Lasciamoci innondare dalla luce, dal profumo delle arance e dalla burrosità della frolla e mettiamo subito le mani in pasta.

Questo periodo prenatalizio è perfetto per cucinare delle piccole prelibatezze da degustare con gli amici o per le merende dei bambini. Le occasioni non mancano certamente, anzi! Diventa difficile non accavallare pomeriggi con i compagni, cene con i colleghi, saggi, manifestazioni… tutto concentrato sempre negli stessi giorni prima del Natale.

Queste crostate sono quindi perfette per presentarsi alle varie occasioni con piccoli e dolcissimi doni, che si possono  preparare con calma, in più riprese, permettendoci di gestire il poco tempo che abbiamo a disposizione.

 

Dopo aver dato uno sguardo al post “Crostata arancia e cioccolato” (clicca QUI) per ripassare i principi di base della pasta frolla, prepariamo i seguenti ingredienti:

250 g di burro morbido e plastico, a temperatura ambiente

250 g di zucchero semolato

la scorza grattugiata di 2 arance

100 g di uova intere

3 g di sale fino

500 g di farina di grano tenero tipo 00, a basso contenuto di glutine (adatta alla frolla e alla pasticceria)

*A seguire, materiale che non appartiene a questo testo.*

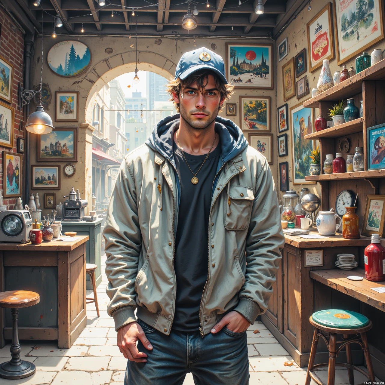 На картинке запечатлен молодой человек, стоящий в помещении, которое похоже на комнату, заставленную разными предметами и произведениями искусства. На нём куртка поверх рубашки с длинным рукавом, джинсы и ботинки. У мужчины серьёзное выражение лица, и он смотрит прямо в камеру. За ним видны полки с рамками и то, что похоже на старинное радио или устройство. В комнате царит атмосфера старины: кирпичные стены и арочные окна пропускают естественный свет.

5 g di lievito in polvere per dolci (facoltativo) che serve per aumentare la porosità della pasta frolla

 

Con questi ingredienti possiamo preparare una PASTA FROLLA UNIVERSALE. Se preferite potete dimezzare la grammatura della ricetta e preparare una dose più adatta agli utilizzi casalinghi. Con questa ricetta potete fare molte crostatine oppure circa 3 crostate per 8 persone l’una. Io preferisco impastare tutta la quantità e cuocere una crostata e tanti frollini. Ad ogni modo potete congelare la pasta cruda, avvolgendola bene nella pellicola per alimenti, conservandola per 6 mesi e utilizzandola al bisogno. Per un paio di giorni, si può anche conservare in frigorifero.

 

Preparazione della pasta frolla universale

Lavorare a mano o con la planetaria (montando lo scudo).

Impastare burro, zucchero e aromi facendo attenzione a non montare gli ingredienti.

Aggiungere le uova con il sale e continuare ad impastare.

Quando la massa burrosa sarà diventata omogenea, aggiungere la farina setacciata e il lievito (se decidete di utilizzarlo).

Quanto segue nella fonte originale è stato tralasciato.